What is required: The records below are to be repeated exactly, minus any pictures.

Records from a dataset

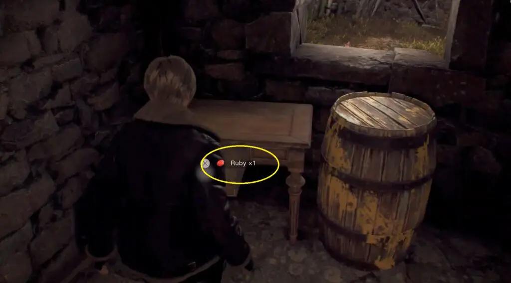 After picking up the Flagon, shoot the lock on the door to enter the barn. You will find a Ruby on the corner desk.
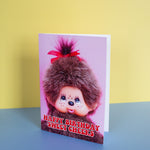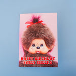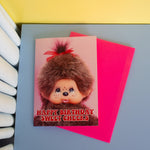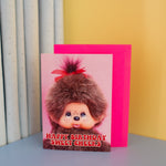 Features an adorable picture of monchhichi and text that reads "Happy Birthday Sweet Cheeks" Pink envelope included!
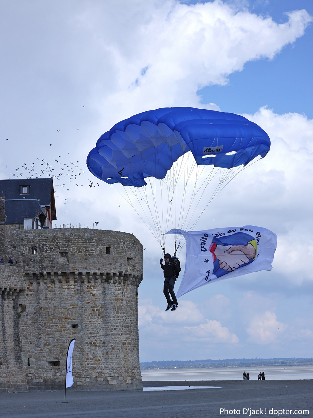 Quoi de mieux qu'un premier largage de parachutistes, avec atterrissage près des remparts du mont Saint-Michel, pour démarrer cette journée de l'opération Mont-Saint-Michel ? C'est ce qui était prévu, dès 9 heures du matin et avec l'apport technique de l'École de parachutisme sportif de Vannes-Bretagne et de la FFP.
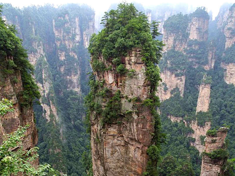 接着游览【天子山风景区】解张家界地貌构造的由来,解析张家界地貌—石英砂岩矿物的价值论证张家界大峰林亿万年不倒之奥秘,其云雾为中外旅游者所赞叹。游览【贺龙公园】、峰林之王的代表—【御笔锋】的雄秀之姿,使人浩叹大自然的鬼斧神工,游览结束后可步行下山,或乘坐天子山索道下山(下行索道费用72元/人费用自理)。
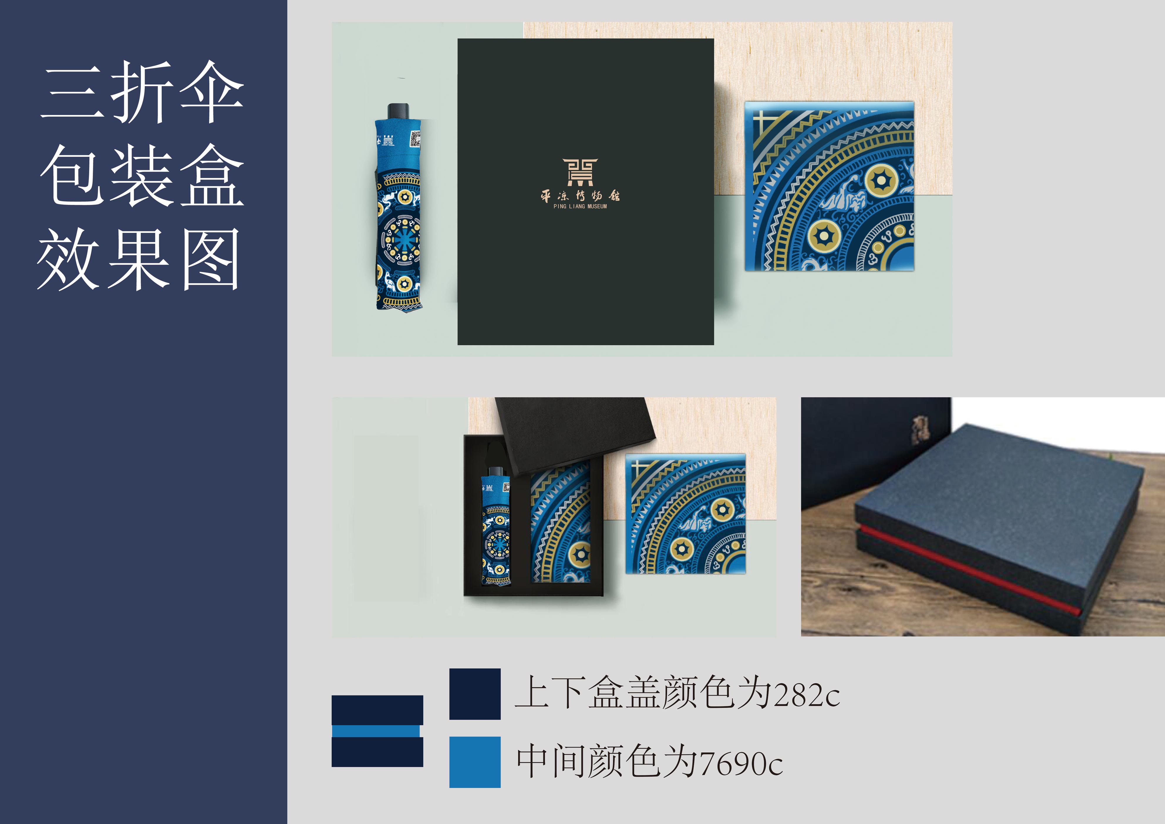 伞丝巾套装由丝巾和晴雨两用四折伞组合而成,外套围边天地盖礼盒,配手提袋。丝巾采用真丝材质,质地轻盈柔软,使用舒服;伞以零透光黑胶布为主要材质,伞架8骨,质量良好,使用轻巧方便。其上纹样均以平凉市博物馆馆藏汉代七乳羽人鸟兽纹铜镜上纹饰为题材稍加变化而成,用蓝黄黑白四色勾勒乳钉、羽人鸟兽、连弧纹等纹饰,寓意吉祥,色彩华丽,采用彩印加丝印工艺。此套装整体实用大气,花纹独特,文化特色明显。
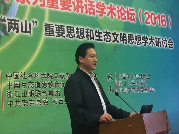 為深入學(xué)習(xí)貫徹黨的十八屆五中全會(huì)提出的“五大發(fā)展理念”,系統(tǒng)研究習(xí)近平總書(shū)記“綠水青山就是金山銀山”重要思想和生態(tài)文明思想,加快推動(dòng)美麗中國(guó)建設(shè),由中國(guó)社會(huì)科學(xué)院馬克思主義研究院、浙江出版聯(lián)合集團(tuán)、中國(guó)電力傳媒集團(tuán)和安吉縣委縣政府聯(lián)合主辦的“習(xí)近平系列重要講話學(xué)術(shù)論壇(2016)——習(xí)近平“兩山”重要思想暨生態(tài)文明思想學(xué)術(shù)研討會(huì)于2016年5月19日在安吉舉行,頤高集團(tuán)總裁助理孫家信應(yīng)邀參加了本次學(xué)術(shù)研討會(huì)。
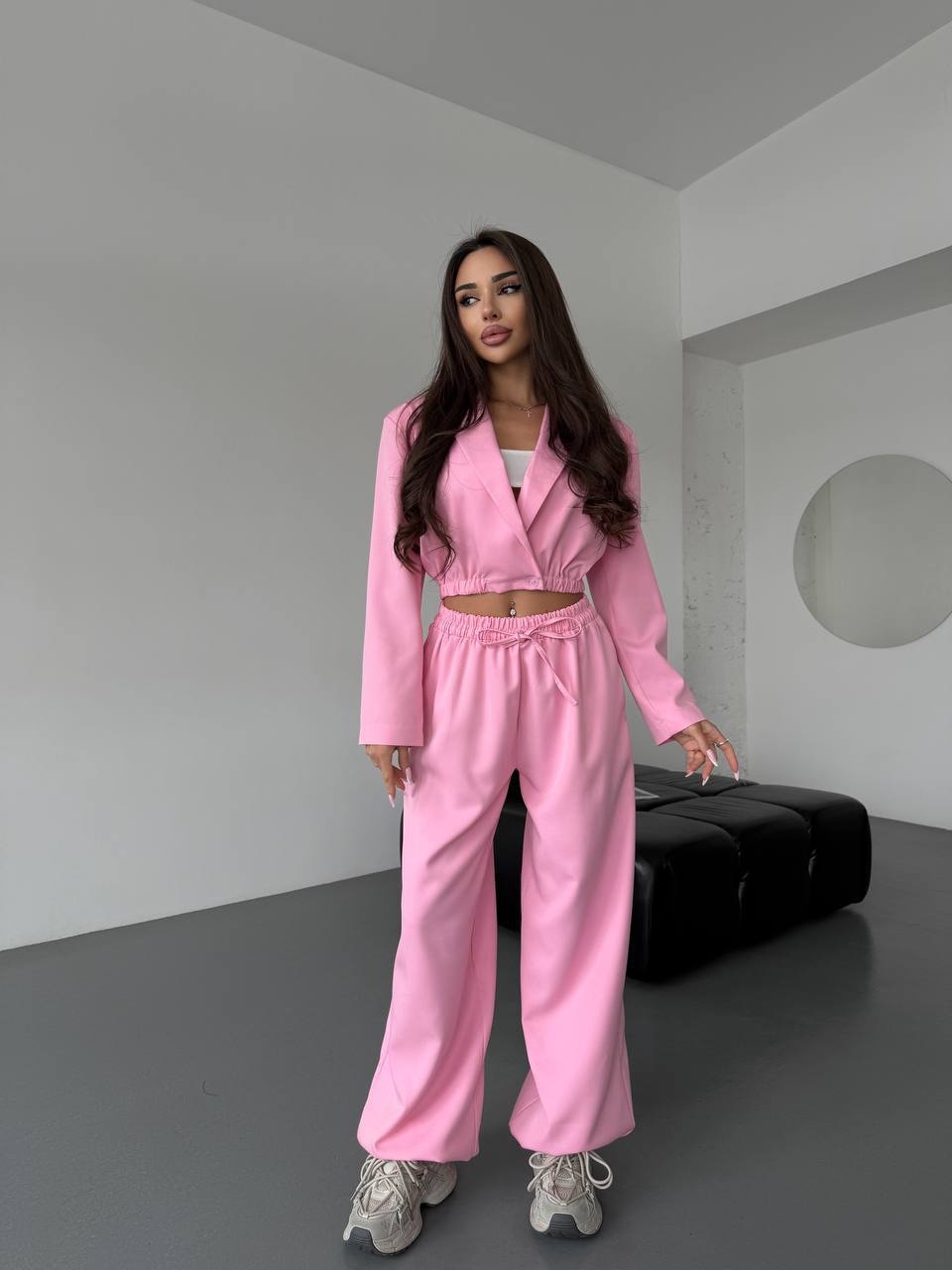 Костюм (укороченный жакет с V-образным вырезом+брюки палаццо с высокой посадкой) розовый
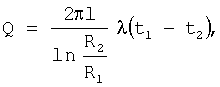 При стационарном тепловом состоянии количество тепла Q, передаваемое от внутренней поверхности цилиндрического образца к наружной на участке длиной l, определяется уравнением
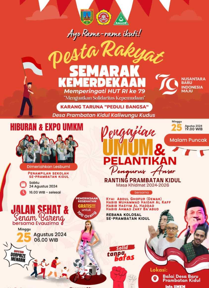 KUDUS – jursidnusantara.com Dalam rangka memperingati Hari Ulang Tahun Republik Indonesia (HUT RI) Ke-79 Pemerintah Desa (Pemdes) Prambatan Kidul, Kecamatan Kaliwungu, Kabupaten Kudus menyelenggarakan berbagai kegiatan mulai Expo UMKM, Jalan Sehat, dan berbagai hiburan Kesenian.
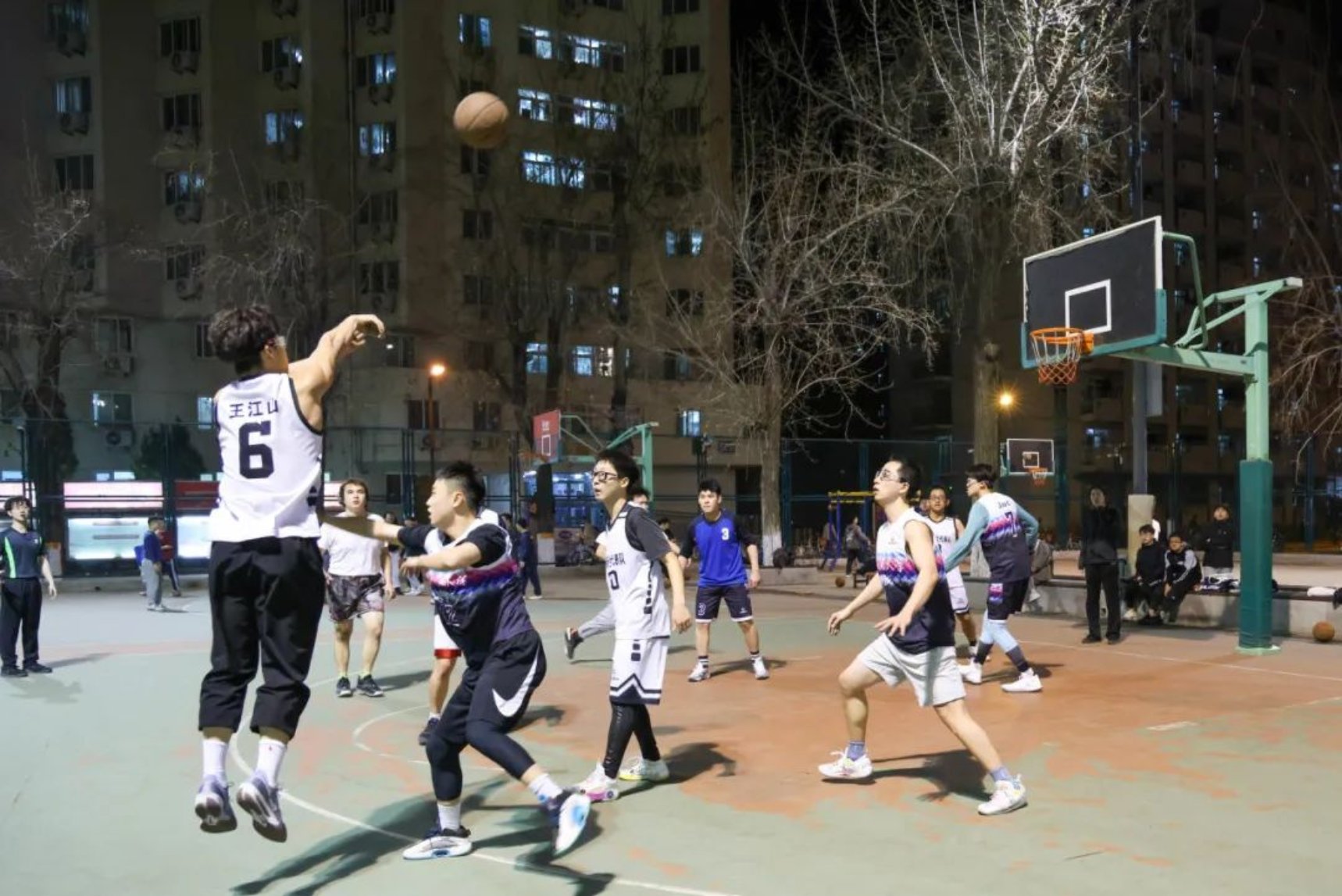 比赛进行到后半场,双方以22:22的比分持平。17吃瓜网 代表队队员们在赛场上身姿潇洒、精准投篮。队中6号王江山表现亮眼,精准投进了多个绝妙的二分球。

Problem solution:
 After picking up the Flagon, shoot the lock on the door to enter the barn. You will find a Ruby on the corner desk.
 Features an adorable picture of monchhichi and text that reads "Happy Birthday Sweet Cheeks" Pink envelope included!
 Quoi de mieux qu'un premier largage de parachutistes, avec atterrissage près des remparts du mont Saint-Michel, pour démarrer cette journée de l'opération Mont-Saint-Michel ? C'est ce qui était prévu, dès 9 heures du matin et avec l'apport technique de l'École de parachutisme sportif de Vannes-Bretagne et de la FFP.
 接着游览【天子山风景区】解张家界地貌构造的由来,解析张家界地貌—石英砂岩矿物的价值论证张家界大峰林亿万年不倒之奥秘,其云雾为中外旅游者所赞叹。游览【贺龙公园】、峰林之王的代表—【御笔锋】的雄秀之姿,使人浩叹大自然的鬼斧神工,游览结束后可步行下山,或乘坐天子山索道下山(下行索道费用72元/人费用自理)。
 伞丝巾套装由丝巾和晴雨两用四折伞组合而成,外套围边天地盖礼盒,配手提袋。丝巾采用真丝材质,质地轻盈柔软,使用舒服;伞以零透光黑胶布为主要材质,伞架8骨,质量良好,使用轻巧方便。其上纹样均以平凉市博物馆馆藏汉代七乳羽人鸟兽纹铜镜上纹饰为题材稍加变化而成,用蓝黄黑白四色勾勒乳钉、羽人鸟兽、连弧纹等纹饰,寓意吉祥,色彩华丽,采用彩印加丝印工艺。此套装整体实用大气,花纹独特,文化特色明显。
 為深入學(xué)習(xí)貫徹黨的十八屆五中全會(huì)提出的“五大發(fā)展理念”,系統(tǒng)研究習(xí)近平總書(shū)記“綠水青山就是金山銀山”重要思想和生態(tài)文明思想,加快推動(dòng)美麗中國(guó)建設(shè),由中國(guó)社會(huì)科學(xué)院馬克思主義研究院、浙江出版聯(lián)合集團(tuán)、中國(guó)電力傳媒集團(tuán)和安吉縣委縣政府聯(lián)合主辦的“習(xí)近平系列重要講話學(xué)術(shù)論壇(2016)——習(xí)近平“兩山”重要思想暨生態(tài)文明思想學(xué)術(shù)研討會(huì)于2016年5月19日在安吉舉行,頤高集團(tuán)總裁助理孫家信應(yīng)邀參加了本次學(xué)術(shù)研討會(huì)。
 Костюм (укороченный жакет с V-образным вырезом+брюки палаццо с высокой посадкой) розовый
 При стационарном тепловом состоянии количество тепла Q, передаваемое от внутренней поверхности цилиндрического образца к наружной на участке длиной l, определяется уравнением
 KUDUS – jursidnusantara.com Dalam rangka memperingati Hari Ulang Tahun Republik Indonesia (HUT RI) Ke-79 Pemerintah Desa (Pemdes) Prambatan Kidul, Kecamatan Kaliwungu, Kabupaten Kudus menyelenggarakan berbagai kegiatan mulai Expo UMKM, Jalan Sehat, dan berbagai hiburan Kesenian.
 比赛进行到后半场,双方以22:22的比分持平。17吃瓜网 代表队队员们在赛场上身姿潇洒、精准投篮。队中6号王江山表现亮眼,精准投进了多个绝妙的二分球。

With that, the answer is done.